If "missing" includes swapped out pages, UFFDIO_COPY and
UFFDIO_ZEROPAGE would need to be allowed to overwrite the existing
contents. "Sensible" or not, there has been no need for this yet.

> Now I reported a bug in UFFIO_REGISTER [...]

The bug you reported is in the documentation only.

> [...] which you keep saying is the same as UFFDIO_CONTINUE. Well, it isn't! I can register a minor handler (which allows continue) if I use MAP_ANONYMOUS|MAP_SHARED. The same "swap cache" mechanics exactly apply. The only "sharing" is potential future sharing after that process forks, in which case, the same "swap page" is shared until a Copy on Write forces the page to be unshared - it is a writeable page, just sharing the same physical block. It can be swapped out to the swap cache and the swap device, which sets the PTE to be a "swap entry" that causes a page fault.

(Using the terms at the bottom of this email.)

For UFFDIO_CONTINUE, the swap cache mechanics are like:

1. For anonymous pages in the VMA: swap-outs will not clear the PTEs,
touching the page will swap it back in again, UFFDIO_CONTINUE on it is
disallowed.
2. For page cache pages in the VMA (i.e., not-yet-written-to pages for
MAP_PRIVATE, any page for MAP_SHARED): swap-outs will clear the PTEs,
and touching the page will trigger a minor fault, and UFFDIO_CONTINUE
will swap it back in.

For MAP_ANONYMOUS|MAP_PRIVATE, all pages in the VMA will be anonymous
pages, so UFFDIO_CONTINUE will never be allowed, therefore
registration in the first place is disallowed.

(IMHO, it was dubious to have even allowed registering userfaultfd
minor faults with *any* MAP_PRIVATE VMA.)

> The swap device doesn't know where the pages are mapped. You need to look at the PTEs of all the processes to find the translation to swap cache entry, and if you want to go backward from swap entry to pages, you need to use a special XArray that finds VMAs given swap entry.
>
> But the point here I keep making is that UFFDIO_REGISTER rejects only MAP_ANONYMOUS that are MAP_PRIVATE and also not huge pages. To me that's weird.

I hope my above explanation (of sorts) makes it a little less weird.

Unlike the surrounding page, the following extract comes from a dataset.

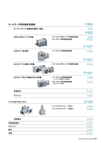 サーボモータ用高精度減速機モータマッチング・容量形状種別一覧表APG/AG3タイプ平行軸1.サーボモータ用コンパクト高精度減速機2.サーボモータ用高精度減速機AH2タイプ直交軸1.サーボモータ用高精度減速機AFCタイプ中空軸・中実軸1.サーボモータ用コンパクト高精度減速機バックラッシ精度1分・3分仕様1.サーボモータ用高精度減速機2.サーボモータ用高精度減速機低バックラッシ仕様1.ベベルギアボックス<K型>2.ベベルギアボックス<KN型>AF3タイプ同心中空軸・同心中実軸技術資料オプションベベルギアボックス技術資料共通技術資料オプション索引付録968969993998102210371040104710521081108811021121118711901196120012071214124112571275GearMotorGeneralCatalog/0027

> If it is the CoW case that doesn't work (I doubt it), well, you have to read the swapped out page into memory before copying it anyway. Then you copy on write, from the page read or found in the swap cache.
>
> Now, as you say, that may require allocating a new page, also in the swap cache. Is that a "missing" page in the weird userfaultfd terminology? If so, to handle it can't be done with UFFIO_COPY, because you can't access the contents from userspace. And it's not "write protected" from the perspective of WP.

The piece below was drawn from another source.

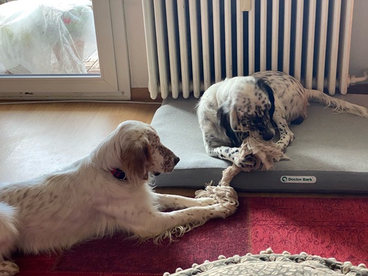 Das Verhältnis zu Blue ist noch etwas angespannt. Red ist sich noch nicht sicher, ob er den rund 1 Jahr älteren Rüden als zwischen ihm und mir positionierte Autorität anerkennen soll, was ab und zu für Reibereien sorgt. Sowohl Red als auch Blue sind aber herzensgute junge Kerle, weshalb ich sicher bin, dass wir drei uns in absehbarer Zeit zu einem harmonischen Minirudel entwickelte werden haben.

No it isn't a missing userfault. Data exists at the VA for which a
userfault would be generated, therefore it cannot be "missing".

>
>
>
> > The only exception I can
> > think of is swap faults, I could see anon swap faults (perhaps
> > specifically when the page is in the swap cache?) being considered
> > UFFD minor faults, but I would be curious to know what the use case is
> > for that / why you would want to do that. The original use case for
> > UFFD minor fault support was demand paging for VMs, where you have
> > some kind of shared memory (shmem or hugetlb) where one side of the
> > mapping is given to the VM, and the other side of the shared mapping
> > is used by the hypervisor to populate guest memory on-demand in
> > response to userfaultfd events.
>
>
>
> I think I've just answered this. userfaultfd doesn't support the "swap out" part of anonymous swapping at all. So, how could a manager get the page contents as of the instant it is put in the swap cache for writing out to the swap device? There's no "swap out" event mechanism, and no way to treat the swap device cached into the swap cache as a page source. (not to mention the zswap mechanism, which compresses some of the pages into an invisible piece of memory).
>
>
> >
> > To me it's not intended userfaultfd minor events are generated for
> > writeprotect faults, to me that's the domain of userfaultfd-wp, not
> > minor faults. James might be right that these unintentionally trigger
> > minor faults today, I would need to do some more reading of the code
> > to be certain though.
>
> I don't particulary care about writeprotect faults, but CoW probably shouldn't be considered the same as a writeprotect fault, because CoW is triggered by a write into a writeable area, ONLY in one of the mappings, whichever is written first. The process doesn't think of it as a "write" - it just is a kernel optimization of a common case where fork is followed by non-use, so the actual copy could have been done at fork time, semantically. It's a deferred read and allocation.
>
>
>
> I hope this helps clarify my concerns.
>
> There are several reasonable outcomes -
>
> 1. Much better documentation of what the code actually does (and why).

Agreed.

> 2. Fix the "bug" that prevents REGISTER of "minor" handler on private, anonymous mappings (obviously, you can REGISTER missing handlers as well), then document actually what happens during the life cycle of swapping of pages in detail, including MAP_PRIVATE|MAP_ANONYMOUS VMAs.

Not a bug.

> 3. Do a thorough analysis of what userfaultfd really should do, if the goal is to provide the ability of a "manager process" to get to handle all cases of page fault behavior on a case-by-case basis for regions of user addressable pages.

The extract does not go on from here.